Priority Review is granted by the FDA to drugs that, if approved, would provide significant improvements in the safety or effectiveness of the treatment, diagnosis, or prevention of a serious condition. Duvelisib has received Fast Track Designation from the FDA for patients with CLL who have received at least one prior therapy and for patients with FL who have received at least two prior therapies.
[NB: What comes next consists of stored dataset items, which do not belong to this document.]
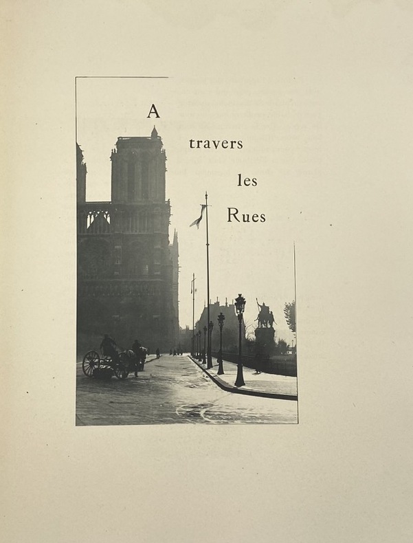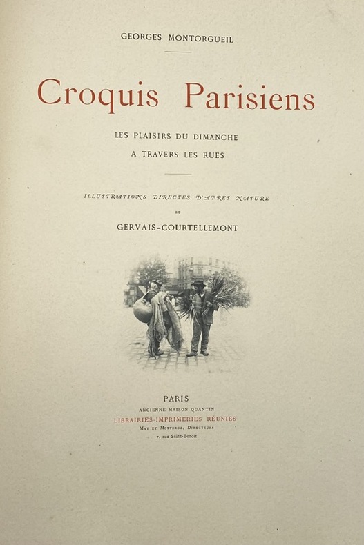 Tirage à 250 exemplaires numérotés. Celui-ci non justifié.Unique édition de ce bel album centré sur la vie quotidienne et les loisirs des Parisiens. Il comporte deux parties qui se distribuent thématiquement comme suit : 1. Les Plaisirs du Dimanche : La Pêche (VIII pp.). - Sur l'herbe (XI pp.). - Dans Paris (VI pp.). / 2. À travers les rues : La fleur des rues (VIII pp.). - Cochers (VI pp.). - Autour des marchés (IV pp.). - Pauvres gens (V pp.).Le photographe Jules-Claudin Gervais, dit Gervais-Courtellemont (1863-1931) s'acquit une grande renommée pour ses autochromes, dont une grande partie est toujours conservée ; et pour ses photographies des pays musulmans (à partir de son voyage à La Mecque en 1896, il se convertit à l'Islam). Vicaire V, 1113.Vignette ex-libris Yves-Louis Mongrolle. - - VENTE PAR CORRESPONDANCE UNIQUEMENT
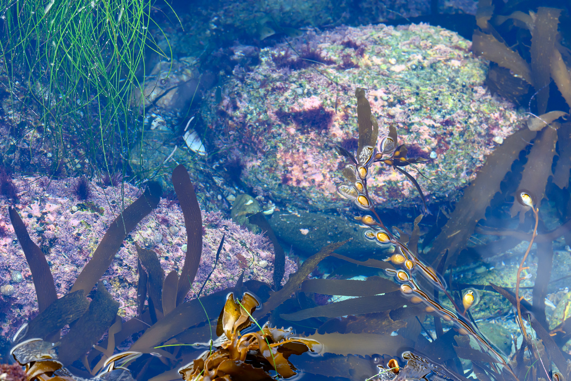 푸른 물빛 아래, 해조류가 붓질처럼 흔들리며 바위 표면을 따라 색을 입힙니다.
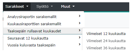 Valitut toteumavuodet määrittelevät myös selailun taaksepäin rullaavien kuukausien valinnat. Esimerkissä alla aktiiviksi vuosiksi taaksepäin on valittu vain kuluva vuosi -1, jolloin vaihtoehdot 24 kk ja 36 kk eivät ole valittavissa.
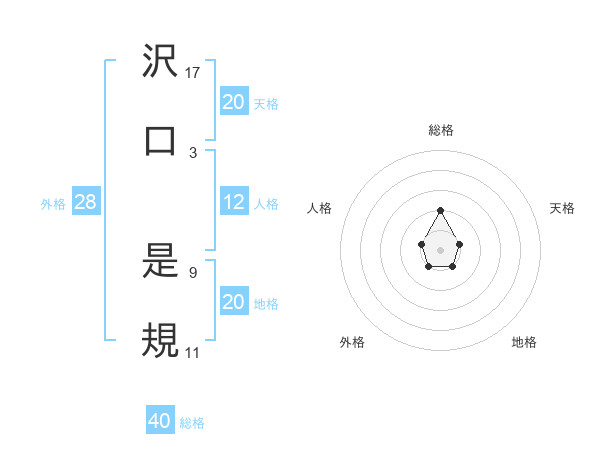 沢口 是規さんの地格は20画の1点!
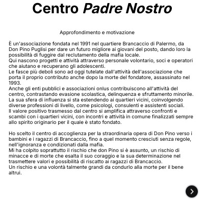 Caro Padre Pino, Sono Davide, uno studente che ha avuto l'opportunità di conoscere il suo incredibile impegno. Ho deciso di scriverle per esprimere quanto mi ha colpito la sua tenacia nella fondazione del centro Padre Nostro e la sua dedizione al suo sviluppo e alla sua utilità. La scelta di dedicarsi ai giovani di Brancaccio mi ha fatto capire il vero significato del coraggio nella forma di aiutare i bambini e i ragazzi del quartiere. In un ambiente dominato dal terrore e dalla criminalità organizzata, lei ha scelto di offrire riparo e alternative concrete alla loro crescita, sfidando apertamente la mafia con forza di fede e umanità. Penso all'eredità morale che il centro ha lasciato e all'insegnamento che ne deriva perchè sono valori che noi tutti dovremmo portare avanti per crearci un futuro migliore. Personalmente, ho compreso quanto sia importante non voltarsi mai dall'altra parte di fronte alle ingiustizie e quanto conti agire con coraggio, anche quando è rischioso. Lei è stato una fonte di integrità e speranza. Seguendo il suo esempio noi possiamo continuare a combattere le ingiustizie costruendo una società più equa dove le persone siano libere da soprusi ed estorsioni. La ringrazio caldamente per tutto ciò che ha fatto e continua a rappresentare per chi crede nell'ordine e nella giustizia. La sua eredità è una grande guida per noi, mi auguro di riuscire a vivere secondo i valori che lei ci ha trasmesso.
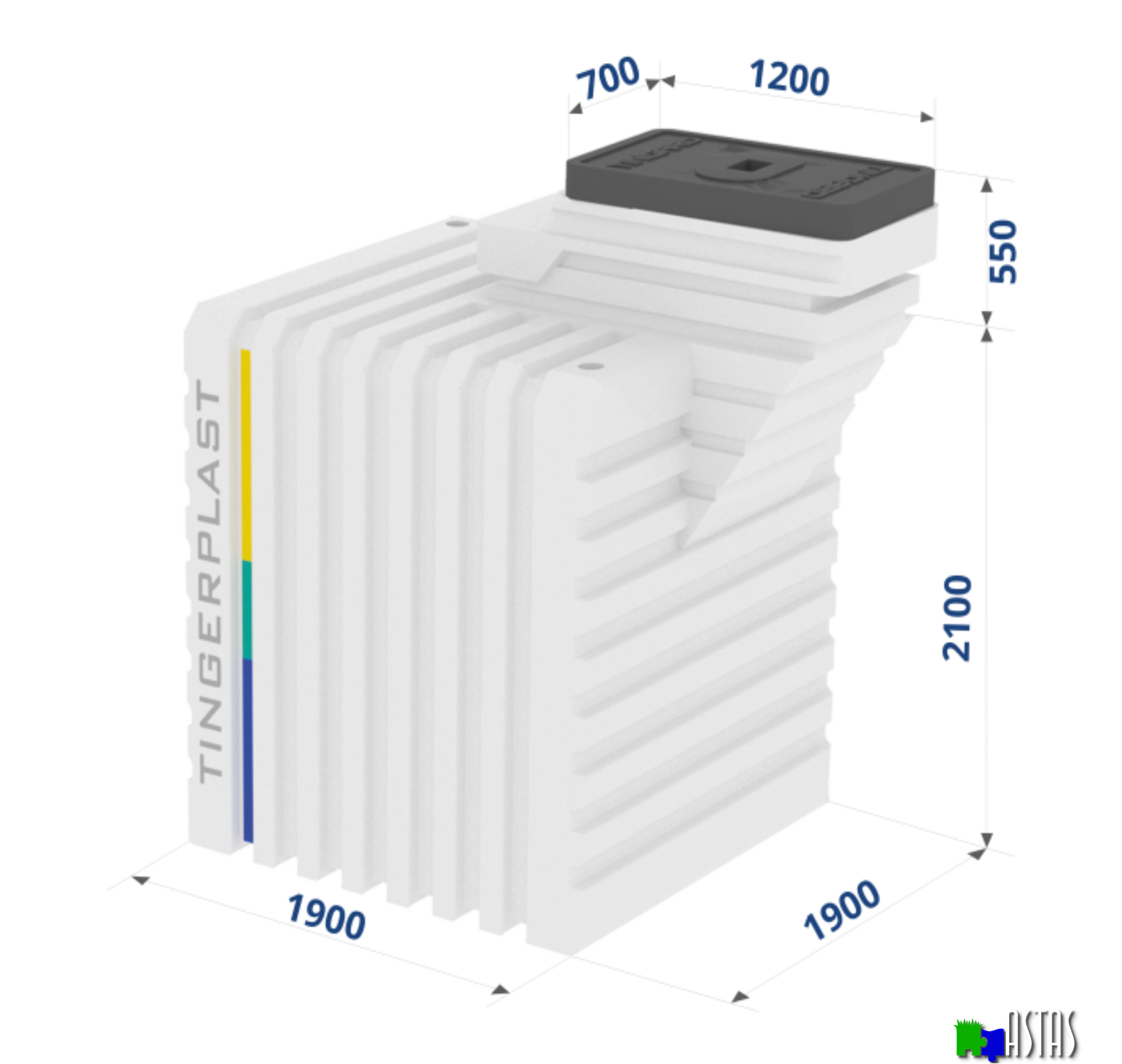 При этом толщина пластика до 15 мм, он не пропускает запахи, это защищает погреб от проникновения грызунов, так как им не за чем грызть пластик. ТИНГАРД 1900К имеет горизонтальный вход – такое исполнение удобно, когда вы монтируете погреб под строение.
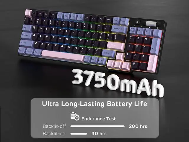 96 Keys, Redefine Full-Size Keyboards - Only 6 keys missing, the mechanical keyboard wireless with a number pad and offset arrow keys is built for productivity and a tactile typing experience.
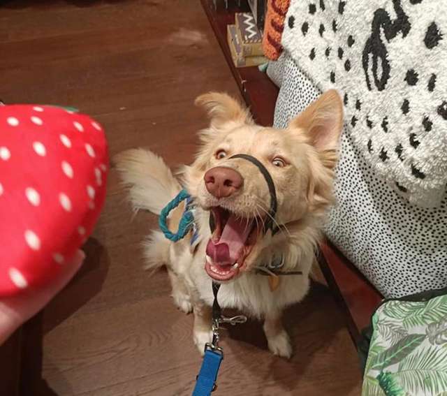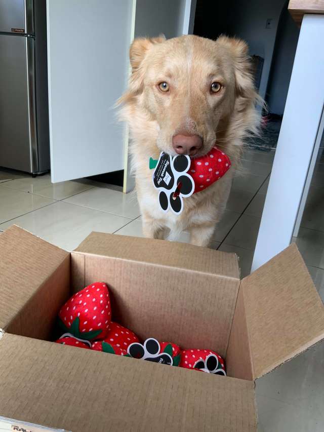 最愛「草莓玩具停產」服務犬超鬱卒 暖心店家聯絡「送2個」狗狗開箱嗨翻:這些都是給我的?

In addition, duvelisib received orphan drug designation in the United States and the European Union for patients with CLL, SLL and FL.

About Duvelisib

Duvelisib is a first-in-class investigational, dual inhibitor of phosphoinositide 3-kinase (PI3K)-delta and PI3K-gamma, two enzymes known to help support the growth and survival of malignant B-cells and T-cells. PI3K signaling may lead to the proliferation of malignant B- and T-cells and is thought to play a role in the formation and maintenance of the supportive tumor microenvironment.1,2,3 Duvelisib was evaluated in late- and mid-stage extension trials, including DUO, a randomized, Phase 3 monotherapy study in patients with relapsed or refractory chronic lymphocytic leukemia/small lymphocytic lymphoma (CLL/SLL),4 and DYNAMO, a single-arm, Phase 2 monotherapy study in patients with refractory indolent non-Hodgkin lymphoma (iNHL).5 Both DUO and DYNAMO achieved their primary endpoints and the FDA is reviewing a New Drug Application (NDA) requesting the full approval of duvelisib for the treatment of patients with relapsed or refractory CLL/SLL, and accelerated approval for the treatment of patients with relapsed or refractory follicular lymphoma (FL). Duvelisib is also being developed by Verastem for the treatment of peripheral T-cell lymphoma (PTCL), which has Fast Track status, and is being investigated in combination with other agents through investigator-sponsored studies.6 Information about duvelisib clinical trials can be found on www.clinicaltrials.gov.